The `examples/` folder contains runnable scripts designed to trigger findings.

- `python examples/demo_general.py` — plain PyTorch loop, end-to-end runtime auditing
- `python examples/demo_cv.py` — CV-ish model + common data/layout mistakes
- `python examples/demo_nlp.py` — “NLP-ish” tensors (e.g., invalid token ids) + optimizer pitfalls
- `python examples/demo_lightning.py` — Lightning integration pattern (demo includes a minimal callback)
- `python examples/demo_hf.py` — Transformers pattern (no downloads; constructs a tiny model from config)
- `python examples/demo_accelerate.py` — Accelerate pattern (audits around `accelerator.backward(loss)`)
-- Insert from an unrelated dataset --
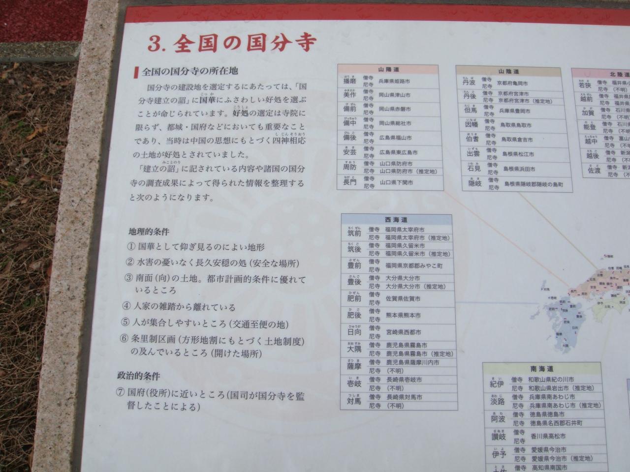 “国分寺(国分僧寺)”と“国分尼寺”は全国に約60数箇所、聖武天皇の詔(みことのり)によって建立されました。国分寺は、現代に例えると大学や研究機関のような役割のため、今のお寺のように一般の人のためにお葬式は行われず、個人のお墓もありませんでした。…説明文概略…“国分寺”と“尼寺”の建立目的は「飢餓や病気の流行、地震などの災害、貴族の対立や政治の混乱により社会に不安が広がったため、人々が豊かに暮らせるよう、さまざまな災いから国を守るよう祈るためでした。国分寺は正式名称「今光明四天王護国之寺(こんこうみょうしてんのうごこくんてら)」“国分尼寺”は「法華滅罪之寺(ほっけめつざいのてら)」といいます。

> Note: the repository currently focuses on the core runtime engine. Some ecosystem integrations are shown as **copy-paste patterns** in the demos rather than shipped as a first-class API.

---

## 📚 Reference

- [Rule reference](RULES.md) — all rule IDs, titles, severities, and remediation
- [Architecture](ARCHITECTURE.md) — how the runtime engine is structured

---

## 🧰 One-shot audits (CLI / CI)

You can run an audit without a training loop (useful for CI smoke checks).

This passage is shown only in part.